CONTENTS.txt: a list of files in the Supplemental_Files archive for Mortazavi et al. (2010), 
Genome Research, <http://dx.doi.org/10.1101/gr.111021.110>.

1. Proteomes
  
    This directory contains a compressed ('gzip -9') file of the hybrid Brugia malayi proteome:

    Supplemental_Proteomes/brugpep.WS209.off_w_aug.fa.gz

which was generated from both official annotations and AUGUSTUS predictions to allow a complete
Brugia gene set to be compared in OrthoMCL with other nematode genomes.  Michael Paulini (WormBase
/ WTSI) subsequently corrected this proteome and placed an improved version of it in WormBase.
    
    It also contains a compressed file of the actual PS1010 proteome used for OrthoMCL:

    Supplemental_Proteomes/ps1010rel4.prot.fa.gz
    
Due to curation of the C. sp. 3 PS1010 genome by WormBase or GenBank, the official final versions
of this proteome may not exactly match the proteome used in the paper.

2. OrthoMCL

    This directory contains files pertinent to OrthoMCL analyses.

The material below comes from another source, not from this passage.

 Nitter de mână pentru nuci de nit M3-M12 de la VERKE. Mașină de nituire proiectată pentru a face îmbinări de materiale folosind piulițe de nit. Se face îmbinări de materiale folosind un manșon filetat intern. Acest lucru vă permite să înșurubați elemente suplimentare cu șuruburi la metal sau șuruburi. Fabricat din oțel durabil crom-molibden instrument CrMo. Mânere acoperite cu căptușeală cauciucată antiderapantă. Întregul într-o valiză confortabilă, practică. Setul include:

    OrthoMCL/orthomcl_7spp_ps1010.omcl.CDS_centric.txt -- the original, CDS-based output of OrthoMCL.
    OrthoMCL/cds2gene_7spp.tsv                         -- the conversion table used from CDSes to genes.
    OrthoMCL/orthomcl_7spp_ps1010.omcl.txt             -- the corrected, gene-centric OrthoMCL used for analyses.

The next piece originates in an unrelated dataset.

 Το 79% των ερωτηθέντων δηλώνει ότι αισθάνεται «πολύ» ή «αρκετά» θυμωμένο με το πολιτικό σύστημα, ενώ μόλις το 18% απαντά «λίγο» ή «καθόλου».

    (Note that there are some cases of a single protein in C. elegans being encoded by two or more 
CDSes.  Thus, CDS-to-gene mapping can be unique, but protein-to-gene mapping may not be.)

3. elegans_elements

    This directory contains primary sequence and GFF files describing the final set of 2,672 DNA 
elements in C. elegans that were both highly conserved between C. elegans, C. briggsae, and PS1010, 
and that were likely to encode regulatory sequences or previously unknown ncRNAs:

    elegans_elements/cons_2672_elements.fa        -- primary DNA sequence of the elements
    elegans_elements/cons_2672_elements.WS190.gtf -- GTF of their coordinates for WormBase release WS190
    elegans_elements/cons_2672_elements.WS215.gtf -- GTF of their coordinates for WormBase release WS215

4. elegans_motifs

    This directory contains the two runs of MEME motif predictions done from the primary DNA 
sequence of the 2,672 conserved elements, along with output files for the remapping of these motifs 
to the elements with FIMO.  These data are in subdirectories elegans_motifs/Run_1 and elegans_motifs/Run_2.

5. PS1010_repeats

    This directory contains the genomic repeats predicted with RepeatModeler for the PS1010 genome:

    PS1010_repeats/ps1010rel4_consensi.classified.fa -- the actual repeat sequences.
    PS1010_repeats/NOT_FILTERED.txt -- a disclaimer: these were not filtered for protein-coding or ncRNA genes!